The Purple Rose Theatre Company is a Michigan not-for-profit theatre company founded in 1991 by Jeff Daniels in an old pizza parlor/garage in Chelsea. Its name comes from the 1985 film The Purple Rose of Cairo, which starred Daniels and for which he earned his first Golden Globe nomination.

History 
In the early 1900s, Jeff Daniels’ grandfather owned the building that would one day become the Purple Rose as a car and bus garage. Other business in the same building included a gas station, pizza parlor, and vegetable stand. In 1989, the building was renovated by Daniels to be donated to the Purple Rose.

The building is in the historic district of downtown Chelsea. The lobby features 1930′s décor – including marbled glass chandeliers and an art deco box office. In 2018, the lobby (including its bathrooms) was renovated including updated carpeting, new bathrooms, and white walls with purple accents.

The Purple Rose produces 4 shows a year. In 2017, the Purple Rose produced its 100th production with the revival of Vino Veritas by Michigan playwright David MacGregor.

Performance space 
In 1999, a capital campaign worth $2.2 million was launched with the aim to expand the building including the stage, lobby, and administrative spaces. During renovations, the building closed for a year and a half to reopen in January, 2001. The mortgage for the building was paid off in March, 2004.

The renovated stage space is a ¾ thrust with 168 seats with each seat five rows back or less.
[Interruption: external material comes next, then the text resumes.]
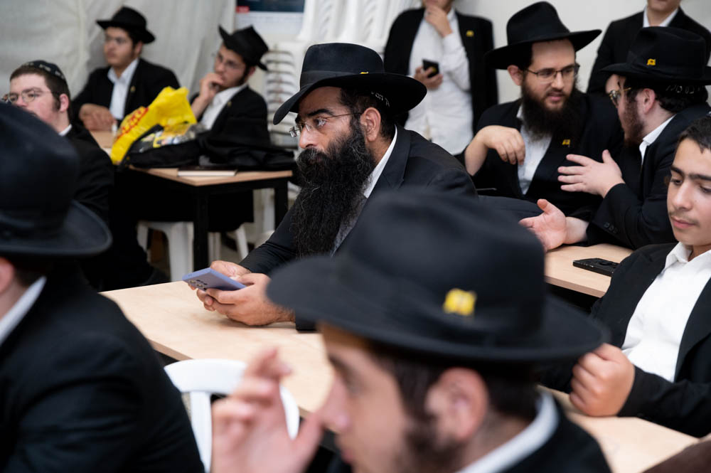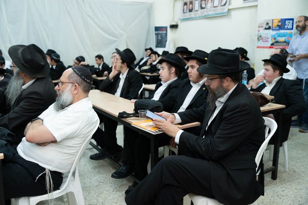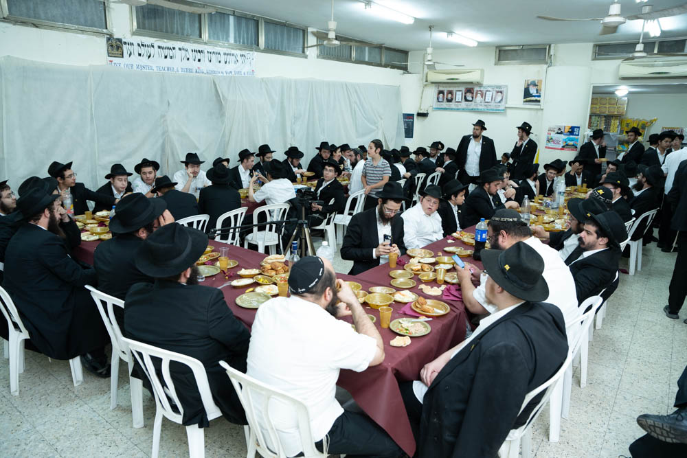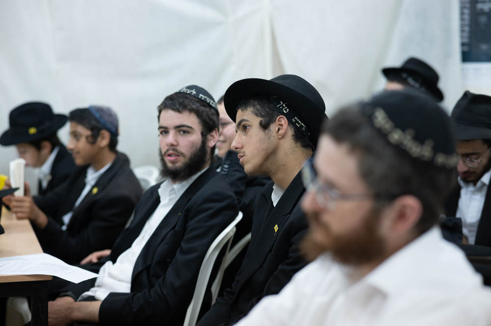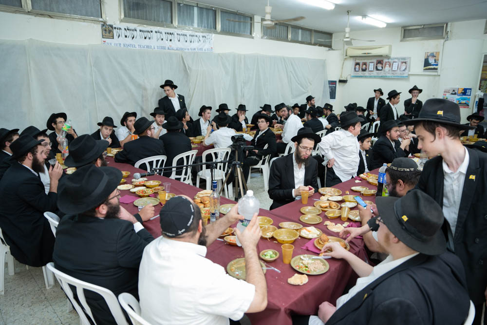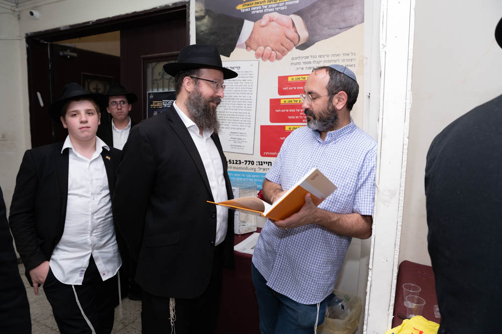 לאחר תפילת מנחה ברוב עם, עולה הת' לוי גבריאל לעשות סיום מסכת כפי הוראתו של כ"ק אדמו"ר מלך המשיח שליט"א. לאחריו ניגש אל המיקרופון הדובר הראשון הרה"ג הרב יעקב יוסף שליח ורב בית הכנסת "תהילת ה'" בכפר יונה. הרב יוסף נושא דברים חוצבי להבות אודות עניינו של תמים שזהו לימוד התורה, דבר שהוא קריטי ומשפיע רבות על הפצת המעיינות של כל אחד ובפרט בעמדנו בשנת היובל למבצע תורה.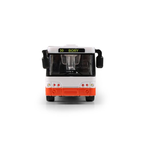 Moderní kovový autobus v červeném provedení je unikátní hračkou, která nadchne všechny malé i velké fanoušky dopravních prostředků. Autobus je dlouhý cca 18 cm, jezdí na zpětný chod.

In 2017, a two-phase roof renovation project was completed that raised the roof in the backstage area to accommodate more ceiling space above the stage – approximately 1,000 Square Feet. The project was completed with the help of the Michigan Council for the Arts & Cultural Affairs.

Notable artists 
Guy Sanville was Artistic Director for over 20 years. In those years, Sanville  directed over 60 productions, and performed in 12 – including The Tropical Pickle, A Stone Carver and The Odd Couple as Oscar. Sanville retired in 2021 amidst accusations of creating a toxic work environment.

Five actors have performed over 1,000 times on the Purple Rose stage: Wayne David “Daba” Parker, Tom Whalen, Rhiannon Ragland, Jim Porterfield, and Michelle Mountain – who has over 2,000 performances.

Three stage managers have worked over 1,000 performances at the Purple Rose: Amy (Hickman) Klain, Steph (Buck) Ogden, and Thomas Macias.

Danna Segrest has worked on over 100 productions at the Purple Rose, the vast majority as props designer.

Gary Ciarkowski has worked at the theatre for over 20 years as the Master Electrician & Technical Director. He has also designed sets for 5 productions including Diva Royale and 2AZ.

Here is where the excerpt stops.